If so, in a sane policy world, that would be even more impetus for depot-based refueling architectures. Unfortunately, that’s not the policy world in which we live, when it comes to space.

[Early evening update]

Speaking of depots, Jon Goff discusses the two papers he presented in Pasadena last week (which I still wish that I’d been able to attend).

9 thoughts on “Water On The Moon”

  1. There is also the prospect of very lean burn rocket engines. If memory serves a 1:20 LH2:LOX ratio still enable an ISP in excess of 300. Lunar LOX may still be cheaper on average than Lunar LH2 and the delta v required to get off the lunar surface is not that great.

    Combine this with the thin film Solar being suggested for SPS (~4.3kW/kg) and some very interesting things are possible. It would be possible to get large quantities of raw material (mostly propellants initially) off the moon and even back to LEO (N2/O2 collecting aerobraking maneuver or high ISP solar powered engine?)

    This is not a job for NASA – this now becomes commercial. What is the lowest cost development path? Who are the investors? Who are the developers? Is this within the capability of New Space yet? Does an amateur organization have any hope of playing? Or is this dinosaur territory?

    The human race really has been most fortuitous in the extra terrestrial resources it has available. It will be rather sad if we can not make a go of it – we are running out of excuses.

  2. Lunar LOX may still be cheaper on average than Lunar LH2 and the delta v required to get off the lunar surface is not that great.

    If there is organic crud mixed with the water, then making hydrogen may be as simple as heating up the stuff and separating out the condensible gases.
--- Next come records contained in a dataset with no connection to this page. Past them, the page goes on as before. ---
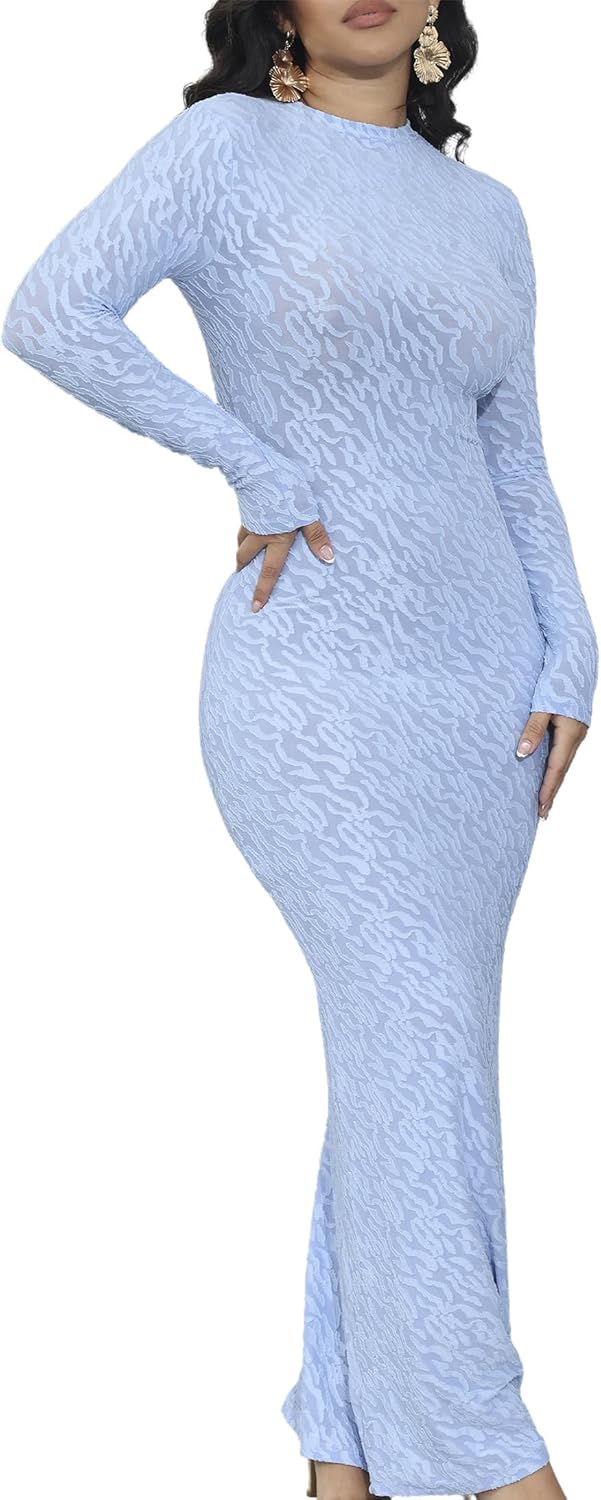 acelyn Women’s Elegant Floral Bodycon Maxi Dress Formal Long Sleeve Mock Neck Wedding Guest Party Cocktail Dress
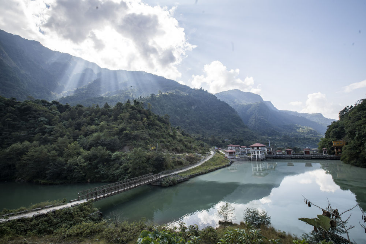 这是2022年11月8日拍摄的位于尼泊尔勒姆宗县的上马相迪A水电站大坝。上马相迪A水电站由中国电建集团海外投资有限公司投资建设。多年来,负责运营该水电站项目的中国水电-萨格玛塔电力有限公司积极履行企业社会责任,助力当地民生保障。新华社发(哈里·马哈尔詹摄)
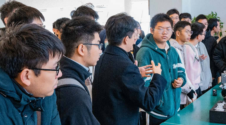 随后,技术人员针对一台被完全拆解的机器人,详细讲解了其内部结构:从负责动力输出的高精度关节模组、伺服驱动器,到感知环境的视觉传感器、激光雷达,再到作为“大脑”的控制系统主板。这种“解剖麻雀”式的讲解,将《机械设计》、《自动控制原理》等课程中将要学到的知识与实际部件一一对应,使同学们对机器人的构成与工作原理有了透彻认识。
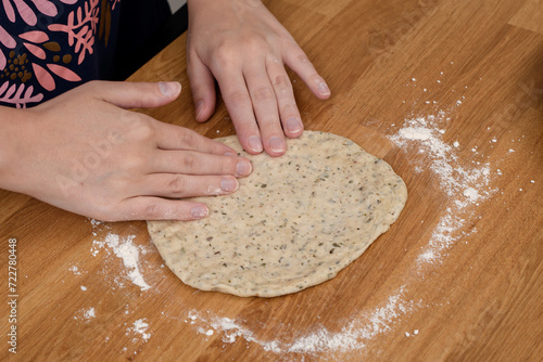 Lepić ciasto, okrągły cienki placek rozgniatany rękami na stolnicy

Making oxygen will still require something like electrolysis.

  3. If there is organic crud mixed with the water, then making hydrogen may be as simple as heating up the stuff and separating out the condensible gases. Making oxygen will still require something like electrolysis.

    Heating up plain regolith with say a solar mirror will yield something like 1-2% volatiles, mostly oxygen, and perhaps keep one warm, even provide energy storage over the lunar night. So getting LOX should be practical, even away from the poles.

    As you know the hydrogen maybe non trivial to extract – at those temperatures water (assuming the hydrogen is in the form of water) has structural properties not that dissimilar to many engineering materials, and may be difficult to dig up – it may also be well mixed with regolith. Heating to more workable temperatures presumably leads to sublimation. Yet sealing a pressure vessel over the ground seems difficult – maybe dig or drill out from underneath?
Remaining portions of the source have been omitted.